Well, let’s chalk this up to cultural confusion. If you want your waitress, Kimmy, to be at your beck and call every five minutes, constantly refilling your water and interrupting your meal to ask how things are, then by all means, complain about French service. But diners in France take their time, as do servers. Not getting your bill is not always a sign that they don’t want to help you, you just have to ask for it. You need to wait on water? So do children in Africa – chill out, it will come. They won’t alter the dishes on the menu for you because you are a 5th level vegan with an allergy to peanuts and garlic? There’s always bread for you (or is that off limits, too?). Remember that French servers get paid real wages, not tips, so a restaurant doesn’t always have a whole team of underpaid lackeys painting on smiles trying to earn your affection. One or two servers will take on a whole restaurant sometimes, rarely expecting tips, and unconcerned with their performance. So when a waiter is being nice to you, remember that they are humans first, and servers second, and humans are, when given the chance, inherently nice. Lesson: manage your expectations -American service is far from a universal standard.
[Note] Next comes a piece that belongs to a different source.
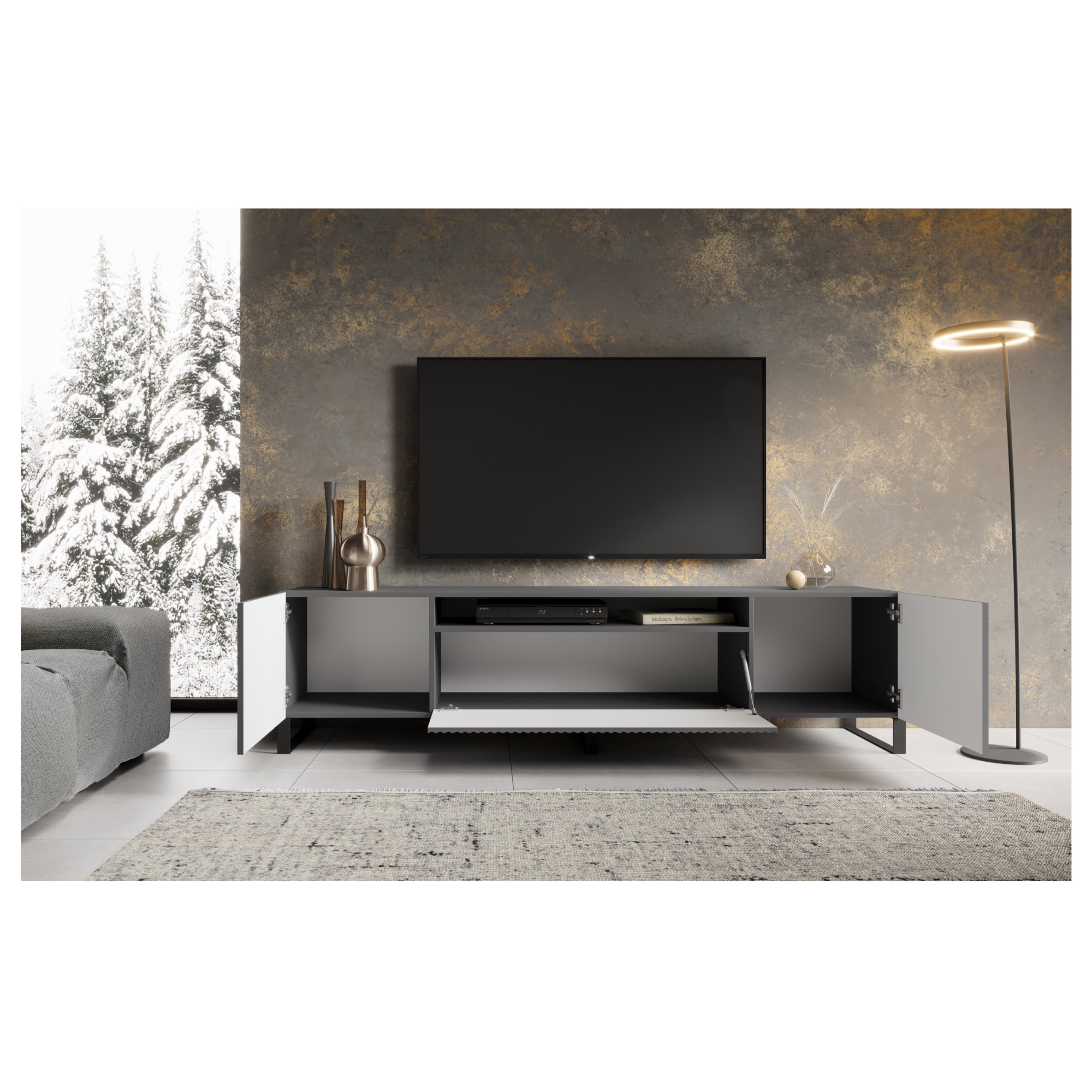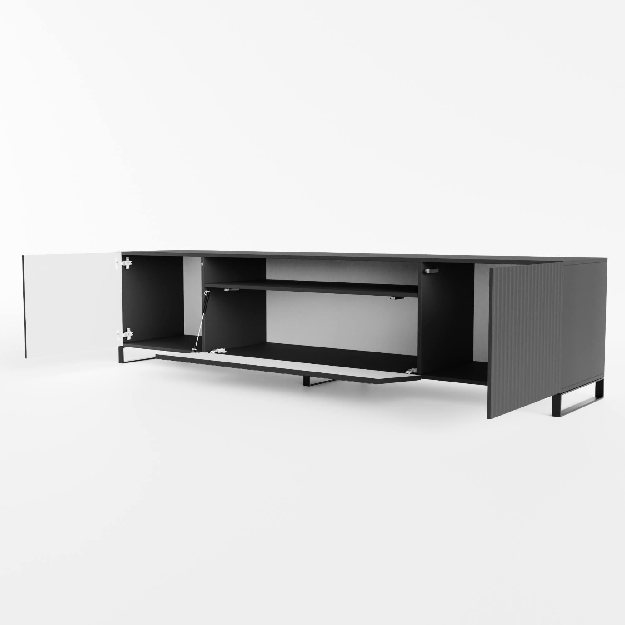 TV stolek nabízí dostatek úložného prostoru, který je uzavíratelný 2 otočnými a 1 výklopnými dvířky**. Poskytne tak místo nejen pro TV příslušenství, ale i další věci, které v obývacím pokoji potřebujete mít po ruce.

Everything is fresh and local in Parisian restaurants.
Among the many perennial surprises of the food scene, perhaps the most disheartening is the fact that, faced with mushrooming social charges, labor costs and pricey commercial spaces, many restaurant owners are cutting corners to save money. Sadly, this means they’re excising homemade quality to rely on canned ingredients and frozen meals that simply need to be microwaved. And if you’re willing to bend the definition, then yes, these ready-made meals purchased at Metro, a wholesale supermarket for professionals with several locations in and near Paris, can be considered ‘local’. Not quite the image visitors (or residents, for that matter) have of Paris as a culinary powerhouse. But the chilling effect of this unfortunate reality simply means it’s even more important to do your research. The recommendations you find on local food blogs like Alec Lobrano’s Hungry for Paris, Paris by Mouth, Not Drinking Poison in Paris, David Lebovitz and even this site, among others, point you in the right direction. And if a proposed bill for greater transparency gets approved, restaurateurs will soon be forced to list dishes sourced from industrial suppliers, making it much easier to dodge unscrupulous establishments.
Update: a new NYT piece discusses this very issue! In France, a Battle to Keep Menus Fresh
It’s not worth eating international/ethnic food in Paris.
Would you not eat curry in London? Do you think Chinese food was born in Manhattan’s Chinatown? Paris is a very cosmopolitan city with different cultures pouring out of every neighborhood. To avoid international food is to ignore a very Parisian experience, or at least the Parisian version of a favorite ethnic cuisine. As a former (or current, if you’re French) empire, France has its share of multicultural influences, meaning great couscous, delicious Vietnamese fare, and many Lebanese take-out places that will surprise you. We’re not advocating you run to the closest burger joint for American-style food (though they Frenchify the great American burger as well), but don’t write off ethnic food in favor of steak frites and magret de canard for every meal. The allure might wane after a couple of days.
Any other food myths you’d like to see debunked?